In short, the collocation extraction method is by itself unable to sufficiently distinguish between agreement and disagreement with a sentiment without utilising higher order collocations, which would in turn significantly increase dimensionality and thereby significantly raise costs and the risk of bias to the method.

So, it is not feasible to use collocation extraction alone distinguish between an ingroup that is moderately populated with individuals that spread disgust narratives targeted at a given outgroup and an ingroup that is heavily populated by such individuals, due to ‘disgust debate’ generating a difficult to predict level of false positives in the data. This is a crucial obstacle to overcome, as if moral disgust narratives online are predictive of intergroup conflict, it may follow that widely accepted disgust narratives have a higher correlation with conflict than hotly contested disgust narratives.

It will be overcome by using the data generated through collocation extraction, TF-IDF analysis, and manual selection to train and refine an LLM to parse the data. LLM method

An efficient alternative to recognise and discount false positives can be made by training and refining a custom LLM to parse the data. I will first train the LLM on the broader corpus containing the targeted datasets in the study, using Haidt's categorical model and the collocations extracted from the datasets. The model will learn to recognise and differentiate between genuine expressions of disgust and false positives. I will then refine the model's disgust lexicon through iterative error correction. This process will involve continuously updating and refining the lexicon based on the model's predictions and feedback from the data it processes. Over time, this iterative approach will help the model to reduce false positives by learning from its mistakes and improving its accuracy in identifying true expressions of disgust.
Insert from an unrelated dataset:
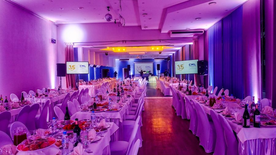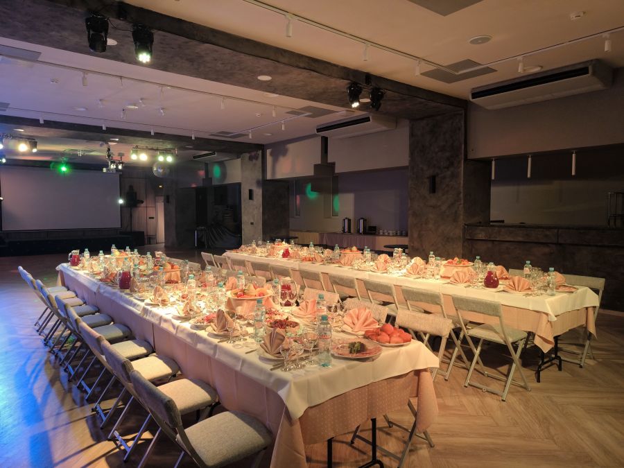 Зал оснащён профессиональной звуковой и световой аппаратурой Hi-Fi класса, стробоскопом и зеркальным шаром, что позволяет создать нужную атмосферу для любого формата мероприятия.

By training the model to recognise and handle negatives in sentiment analysis, it will be better equipped to understand the context and nuances of 'disgust debate.' This adaptation will enable the model to distinguish between shared sentiments and debates within communities, thereby reducing the likelihood of false positives and providing a reliable way to differentiate between moderate and extreme levels of disgust sentiment within a community for a target outgroup.

A second significant advantage of incorporating an LLM is its ability to process large datasets efficiently. Once a sufficiently low level of error is reliably achieved, it can analyse extensive data spanning decades to identify patterns and trends. This comprehensive analysis will help to contextualise the identified collocations and further reduce the impact of false positives by providing a broader perspective on online disgust sentiments within and across communities.

By implementing these strategies, I aim to minimise the false positive problem effectively, ensuring that the model's predictions and insights into online disgust sentiments are both accurate and reliable.